REPUBLIKA.CO.ID, JAKARTA– Pada Sabtu (22/11), Parlemen Prancis telah mengadakan diskusi untuk menghasilkan pengakuan Negara Palestina. Hasilnya, Palestina pun diakui sebagai Negara oleh pemerintahan Palestina pada Selasa (2/12).
Keputusan Prancis tersebut muncul bukan tanpa alasan. Ada beberapa alasan dan latar belakang yang membuat Prancis akui Palestina seperti yang dilansir Aljazeera. Di diskusi yang diselenggarakan pemerintah Perancis tersebut, juga menjelaskan tujuan dari diskusi tersebut.
Pejabat Prancis mengatakan, apabila perundingan Palestina-Israel gagal dalam dua tahun, maka Paris tidak akan mengakui negara Palestina. Para menteri termasuk anggota parlemen mengatakan, dalam waktu dua tahun harus ada perubahan.
Perubahan yang dimaksud adalah konflik yang terjadi antara Palestina dan Israel yang sampai saat ini belum menemukan jalan keluar. Selain itu ada hal yang juga penting dari alasan Prancis mendukung Negara Palestina.
Menteri Luar Negeri Prancis, Laurent Fabius pernah berpendapat, penyebab kegagalan negosiasi hadir karena ketidakmampuan dari dua pihak. Akan tetapi kedua belah pihak lah yang harus bertanggungjawab. Pengakuan Prancis terhadap Palestina sebagai sebuah negara adalah sebuah kemajuan.

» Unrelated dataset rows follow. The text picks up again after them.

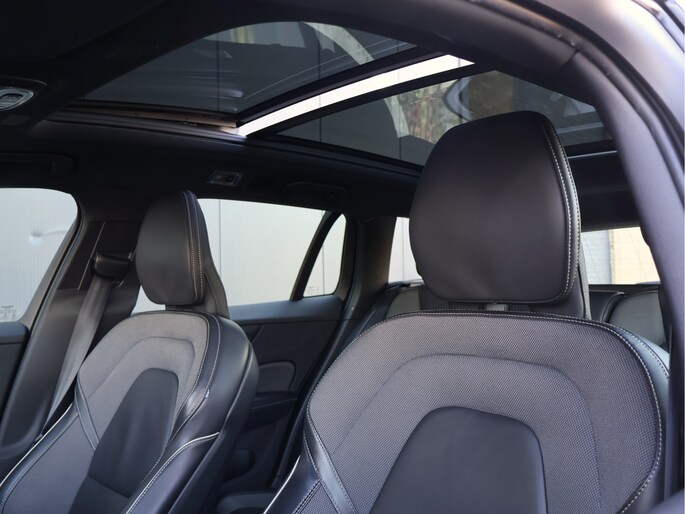 Het interieur ademt klasse met zijn Charcoal R-Design bekleding, zwarte hemelbekleding en hoogwaardige Metal Mesh inleg, wat samen een sportieve cockpit vormt die rust en focus uitstraalt.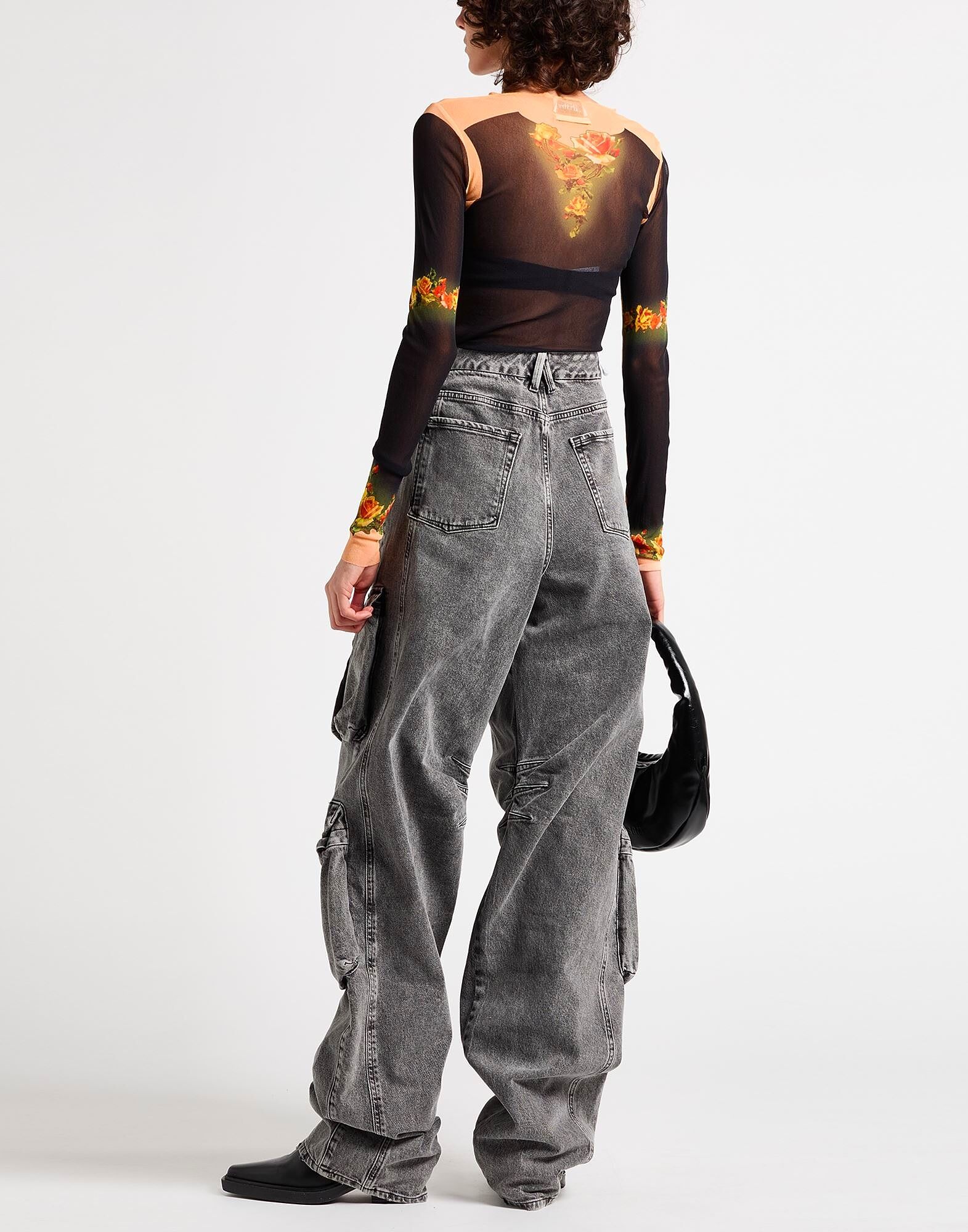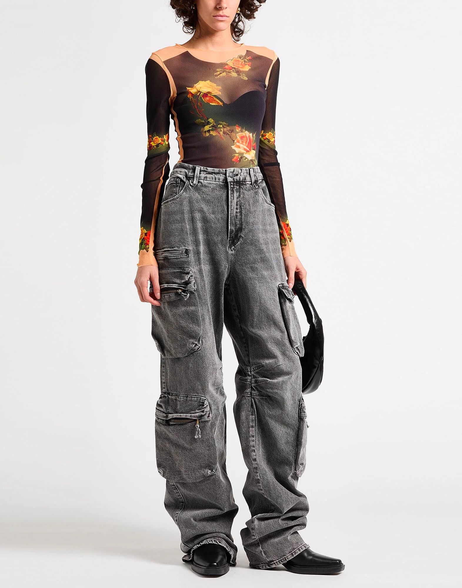 Джинсы-карго, деним, однотонные, без аппликаций, цветная стирка, высокая талия, петли для ремня, стандартный крой, застежка на молнию, карманы, машинная стирка, не отбеливать, сушка в сушильной машине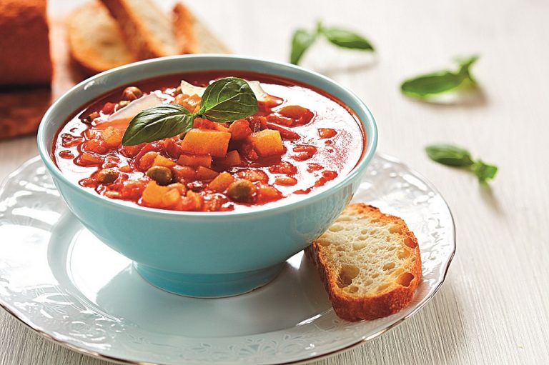 Suroviny: 2 lžíce olivového oleje 1 pokrájená cibule a stroužek česneku 2 pokrájené stonky celeru 1 pokrájená mrkev a cuketa a porek 400 g konzervovaných rajčat 1 l kuřecího nebo zeleninového vývaru ½ pokrájené malé hlávky zelí 1 bobkový list 100 g konzervovaných fazolí 8 malých kapustiček 1 lžíce nasekané petrželky sůl a pepř Postup: […]
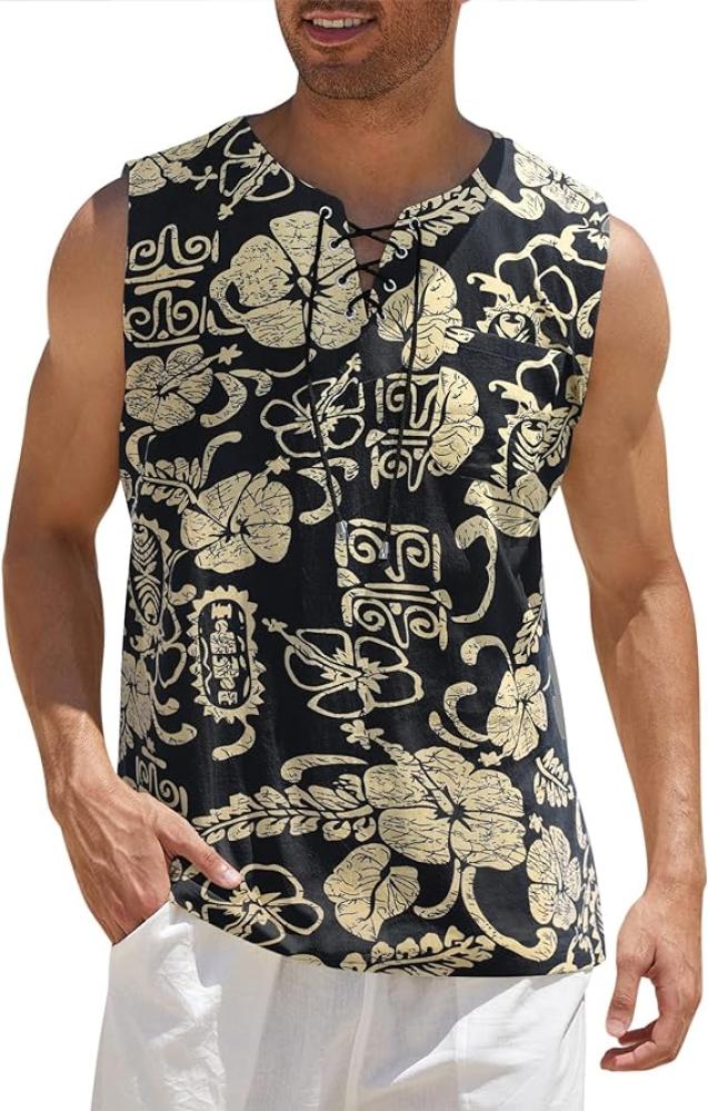 تيشيرت كاجوال هيبي للرجال من القطن والكتان بأكمام قصيرة ورباط للشاطئ من كوفاندي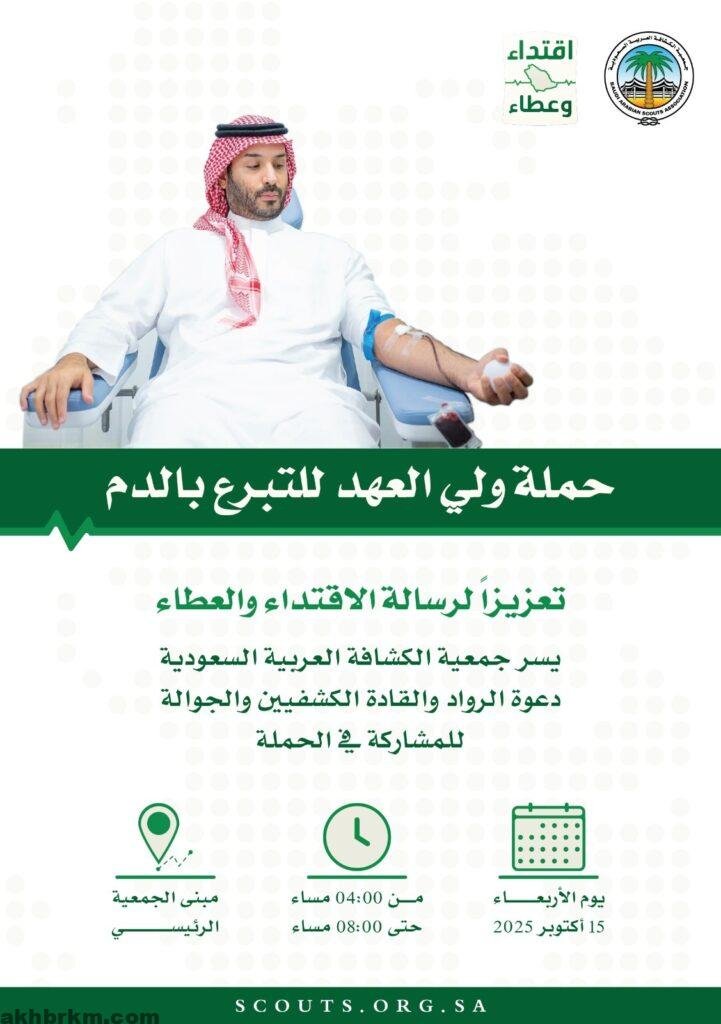 وتأتي الحملة تزامناً مع مبادرة صاحب السمو الملكي ولي العهد رئيس مجلس الوزراء الأمير محمد بن سلمان بن عبدالعزيز آل سعود – حفظه الله – للتبرع بالدم، تعزيزاً لرسالة العطاء والاقتداء، وتنمية لروح المسؤولية المجتمعية لدى أفراد المجتمع، وتحفيزاً للتبرع الطوعي بالدم بما يسهم في إنقاذ الأرواح ودعم القطاع الصحي.

Sebelumnya, masyarakat perlu tahu mengenai sebuah perjanjian terkait kasus Palestina-Israel. Pada Perjanjian Oslo telah menetapkan tahun 1999 sebagai tenggat waktu untuk negosiasi Israel-Palestina.
Namun tenggat waktu itu pun diubah hingga 2003. Kuartet telah mengumumkan tahun 2005 sebagai akhir dari negosiasi Israel-Palestina. Kemudian terjadi sebuah pertemuan terkait Palestina.
Pertemuan Annapolis yang diadakan pada 2007 yang diadakan oleh Presiden AS George W. Bush membahas status negara Palestina pada tahun 2007 dan 2010. Hingga akhirnya, pada 2011 Presiden AS Barack Obama pun menyerukan pembentukan sebuah negara Palestina.
Swedia merupakan negara pertama di Uni Eropa yang mengakui negara Palestina (serta beberapa negara lain, termasuk negara-negara bekas blok Timur, sebelum bergabung dengan Uni Eropa. Parlemen Inggris dan Kongres Spanyol juga melakukan hal yang sama.